THE DATA Block Start

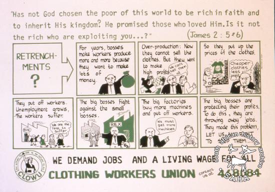 This poster is silkscreened black and green, produced for the Clothing Workers Union (CLOWU) by the Community Arts Program (CAP), Cape Town. This image depicts a cartoon that CLOWU wanted to use to educate workers. The text reads “WE DEMAND JOBS AND A LIVING WAGE FOR ALL "Has not God chosen the poor of this world to be rich in faith and to inherit His kingdom? He promised those who loved Him. Is it not the rich who are exploiting you...?"(James2:5&6)”.Digitised by Specialised Archival Solutions in 2009. Reproduced in "Images of Defiance: South African Resistance posters in the 1980s" on page 47 (number 71) of the 1991 SAHA / Ravan Press edition and the 2004 SAHA / STE Publishers edition. |
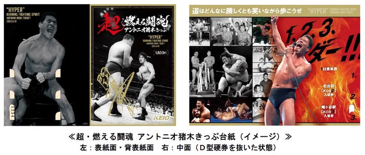 「超・燃える闘魂 アントニオ猪木きっぷ」は、アントニオ猪木氏のサインのレプリカやファイトシーン写真をデザインに取り入れた京王線の乗車券セットです。
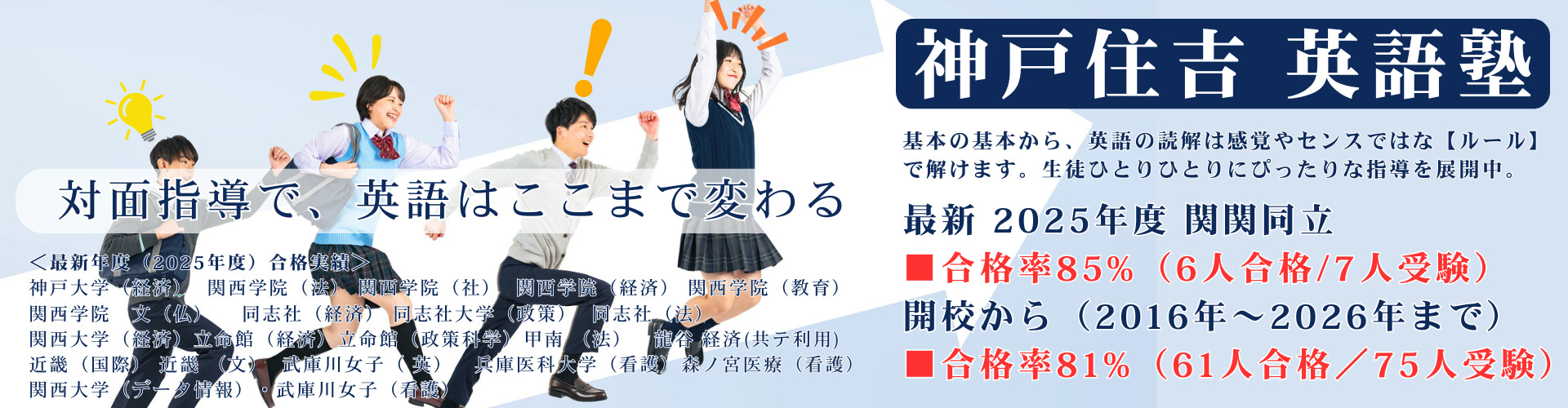 六甲アイランド高校、県立芦屋高校、葺合高校、仁川学院高校、甲南女子高校などの生徒が中心です。英語が得意な生徒だけでなく、苦手な状態から始めて合格する生徒も多いのが特徴です
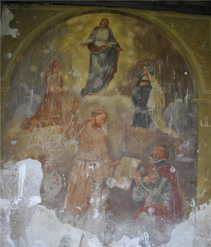 Das Fresko zeigt einen knienden Mann mit Rüstung und rotem Mantel, der dem vor ihm stehenden heiligen Franziskus eine Schriftrolle überreicht. Dargestellt ist Freiherr Engelhard Dietrich von Wolkenstein-Trostburg, der Stifter des Bozner Kapuzinerklosters. Franziskus segnet den Knienden mit seiner Rechten und zeigt zugleich in Richtung Himmel, wo die auf einer Wolke stehenden und von einer Lichtgloriole umfangene Maria Immaculata von den auf Wolken knienden heilige Antonius mit Lilie und heilige Klara mit Monstranz verehrt wird.
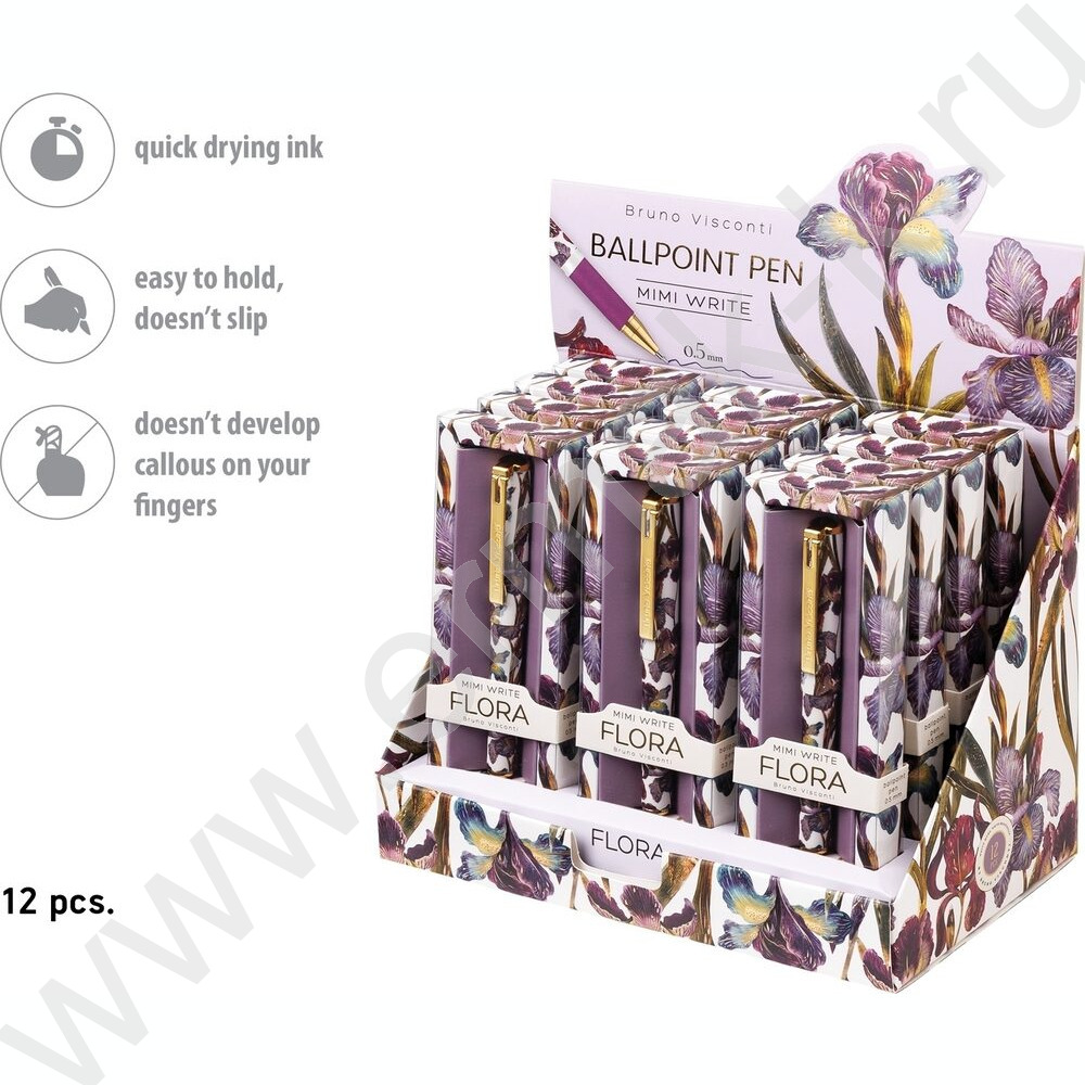 Ручка шар Mimiwrite.Flora.Ирисы синий 0,7мм /корпус SOFT TOUCH NEW
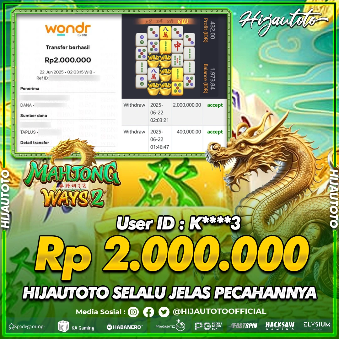 Selamat datang di HIJAUTOTO, tempatnya seru-seruan dan cuan besar! Mulai main cukup dengan modal Rp5.000 aja, taruhan super murah dari Rp100 perak! Mau main slot yang penuh warna? Atau togel dari 20 pasaran paling hits? Atau mungkin tembak ikan yang bikin deg-degan? Tenang, ada juga taruhan bola, sabung ayam, dan live casino yang bikin suasana makin hidup! Daftar sekarang dan dapetin bonus new member 100% langsung, biar modalmu makin tebal. Deposit gampang banget, bisa pakai QRIS, dan kalau butuh bantuan, customer service kita siap 24 jam nonstop. Jadi, tunggu apa lagi? Yuk, gabung dan bawa pulang kemenangannya cuma di HIJAUTOTO!
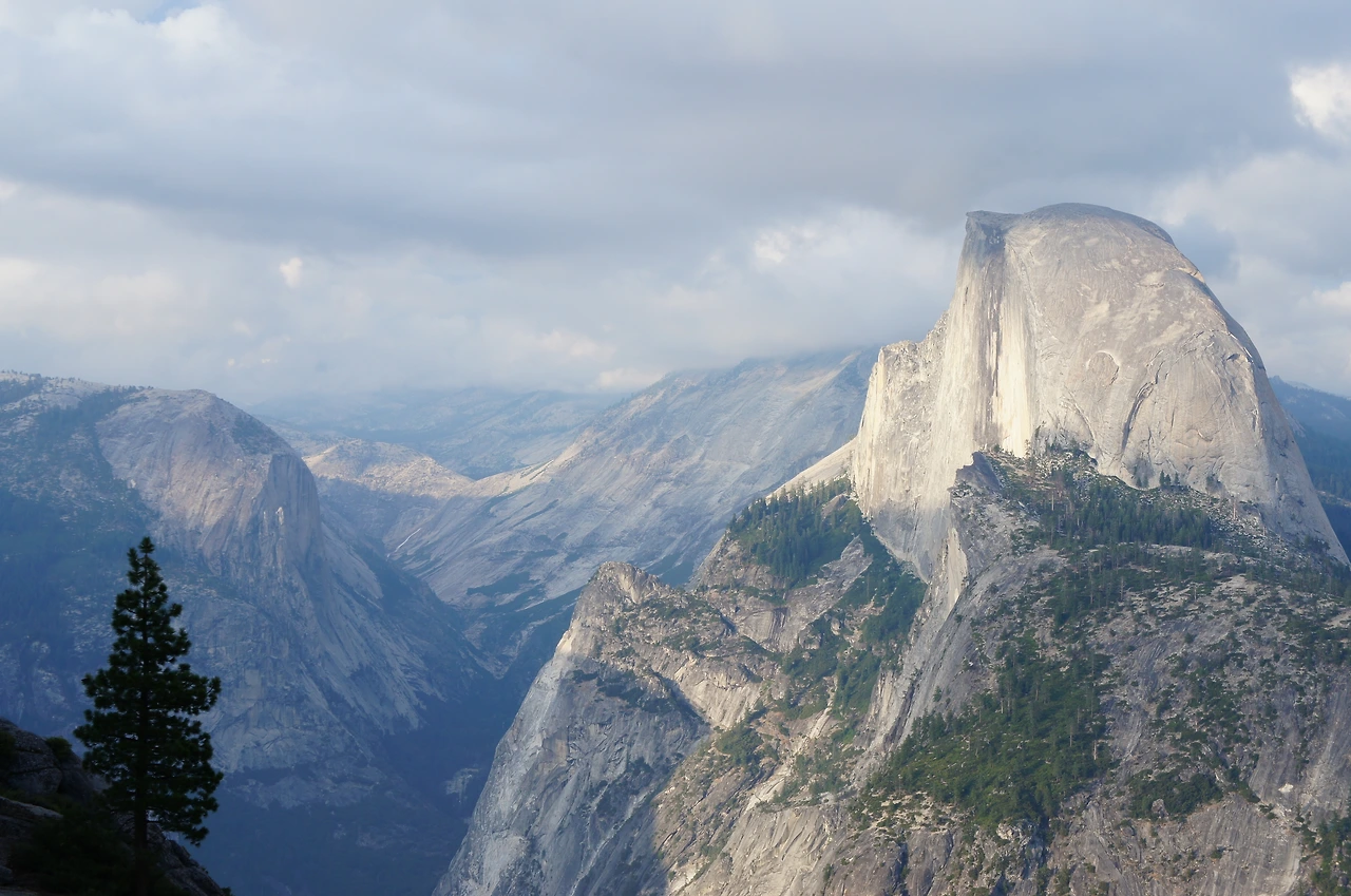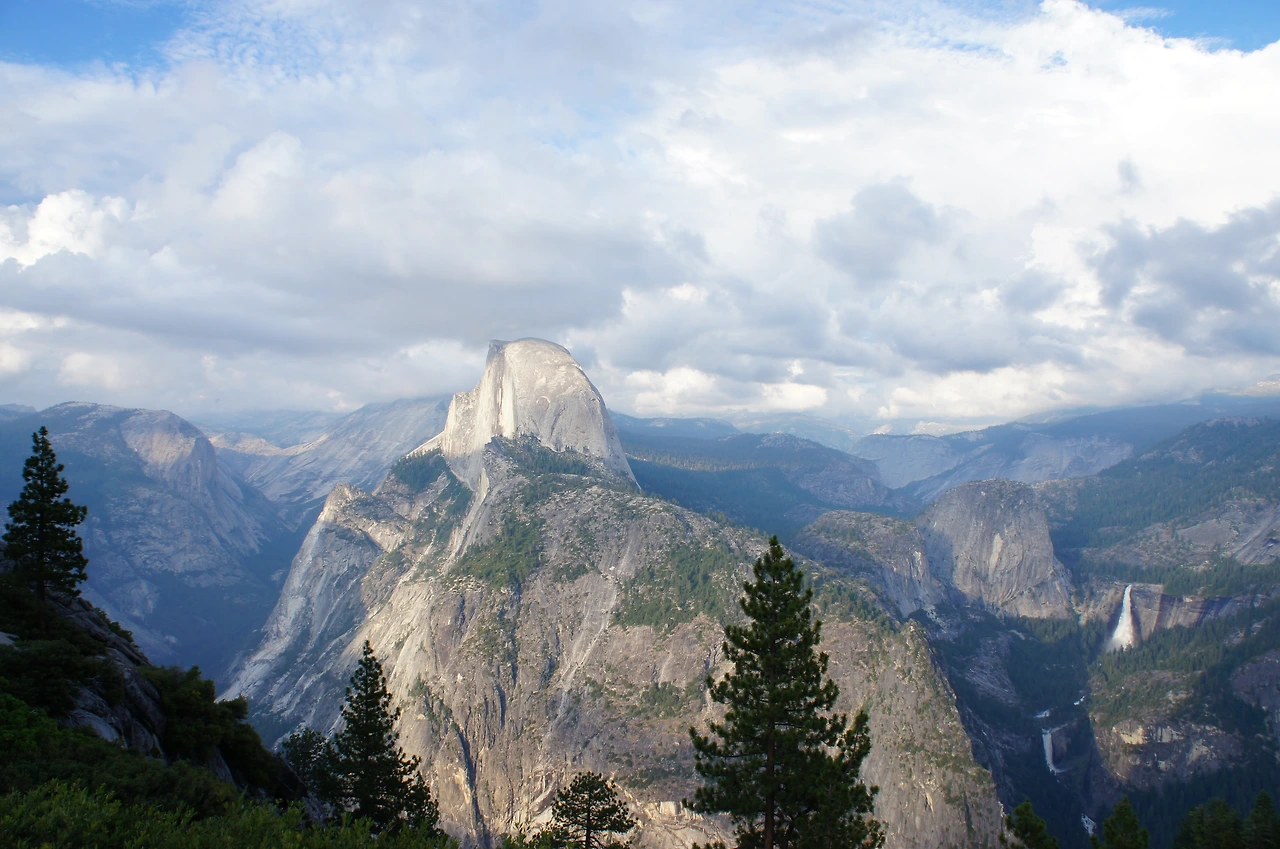 거대한 나무의 군락지 마리포사 그로브를 둘러보고, 요세미티 국립공원으로 향한다. 목적지는 요세미티를 상징하는 하프돔을 볼 수 있는 글레시어 포인트(Glacier Point)다. 산 위를 향해 끝도 없이 구불구불 나 있는 도로를 한참 올라가다 보면 주차장이 나오고, 조금 위로 걷다 보면 이런 어마어마한 스케일의 장관이 눈 앞에 펼쳐진다. 먼 옛날 빙하가 녹아 흘러내려와 바위를 저렇게 깎아 놓았다는데, 믿어지질 않는다. 엄청난 자연의 힘 앞에서 절로 고개가 숙여진다. 사진 저 안쪽까지 생긴 계곡이 빙하가 흘러나와 깎아서 형성된 것이라니 놀랍지 않을 수 없다.

THE DATA Block End

PROBLEM TO WORK ON
Exclude all pictures and reproduce exactly the lines from the one containing "Ручка шар Mimiwrite.Flora.Ирисы" through the final line of the entries above.

TASK ANSWER
 Ручка шар Mimiwrite.Flora.Ирисы синий 0,7мм /корпус SOFT TOUCH NEW
 Selamat datang di HIJAUTOTO, tempatnya seru-seruan dan cuan besar! Mulai main cukup dengan modal Rp5.000 aja, taruhan super murah dari Rp100 perak! Mau main slot yang penuh warna? Atau togel dari 20 pasaran paling hits? Atau mungkin tembak ikan yang bikin deg-degan? Tenang, ada juga taruhan bola, sabung ayam, dan live casino yang bikin suasana makin hidup! Daftar sekarang dan dapetin bonus new member 100% langsung, biar modalmu makin tebal. Deposit gampang banget, bisa pakai QRIS, dan kalau butuh bantuan, customer service kita siap 24 jam nonstop. Jadi, tunggu apa lagi? Yuk, gabung dan bawa pulang kemenangannya cuma di HIJAUTOTO!
 거대한 나무의 군락지 마리포사 그로브를 둘러보고, 요세미티 국립공원으로 향한다. 목적지는 요세미티를 상징하는 하프돔을 볼 수 있는 글레시어 포인트(Glacier Point)다. 산 위를 향해 끝도 없이 구불구불 나 있는 도로를 한참 올라가다 보면 주차장이 나오고, 조금 위로 걷다 보면 이런 어마어마한 스케일의 장관이 눈 앞에 펼쳐진다. 먼 옛날 빙하가 녹아 흘러내려와 바위를 저렇게 깎아 놓았다는데, 믿어지질 않는다. 엄청난 자연의 힘 앞에서 절로 고개가 숙여진다. 사진 저 안쪽까지 생긴 계곡이 빙하가 흘러나와 깎아서 형성된 것이라니 놀랍지 않을 수 없다.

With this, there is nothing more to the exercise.